Этот вопрос, естественно, повернул мои мысли в другое русло.
— Так это ваш фотоаппарат?
— Да, мой.
— Я собирался отнести его в дом.
— Отнести в дом?
— Я боялся, что его замочит дождь.
— Хм. Кто вы такой?
Я был рад, что он спросил об этом. Такому сообразительному малому, как я, не стоило большого труда догадаться, что он полагает, будто схватил меня с поличным, и я был рад возможности вручить ему свои верительные грамоты. Я понимал, что, прежде чем мы вместе сможем весело посмеяться над этим забавным недоразумением, мне придется немало попотеть.
— Моя фамилия — Вустер, — сказал я. — Я тетин племянник. В смысле, — продолжил я, потому что мне показалось, что мои последние слова прозвучали как-то не совсем так, — миссис Траверс — моя тетка.
— Вы живете в ее доме?
— Да. Я только что приехал.
— Хм, — сказал он снова, но уже с меньшей враждебностью в голосе.

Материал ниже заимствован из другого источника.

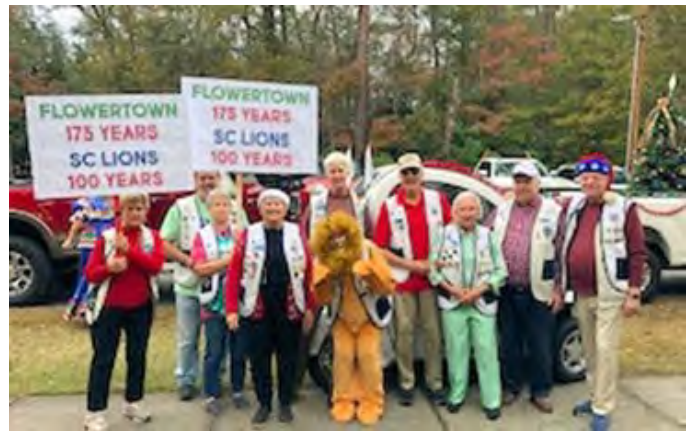
Summerville is Noon and Evening Lions ready for the Parade!

— Да, — лишний раз подтвердил я.
Наступила пауза, во время которой он, вероятно, мысленно переоценил произошедшее в свете моих заявлений и подверг его тщательному разбору; затем он еще раз хмыкнул и заковылял прочь.
Я не сделал ни шага, чтобы последовать за ним. Я был сыт по горло нашим общением, несмотря на его краткость. Живя под одной крышей, решил я, мы, безусловно, будем иногда раскланиваться, но только в том случае, если столкнемся нос к носу. Весь этот эпизод напомнил мне о моей первой встрече с сэром Уоткином Бассетом и о недоразумении с его зонтиком. Я был потрясен, как в тот раз. Хорошо, что в двух шагах от меня стояла деревянная лавочка и я мог посидеть и успокоить нервы. Небо становилось все более сумрачным и — как бы это сказать — чреватым грозой, но я не трогался в путь. Только после того, как у меня над головой раздался грохот, точно пятьдесят семь грузовиков проехали по деревянному мосту, я понял, что малейшее промедление будет неразумно. Я поднялся и припустил к дому, добежал до застекленной двери гостиной и уже собирался войти, но тут изнутри до меня донесся человеческий голос. Даже, пожалуй, не то чтобы человеческий: это был голос моего нового знакомого, с которым мы болтали о фотоаппаратах.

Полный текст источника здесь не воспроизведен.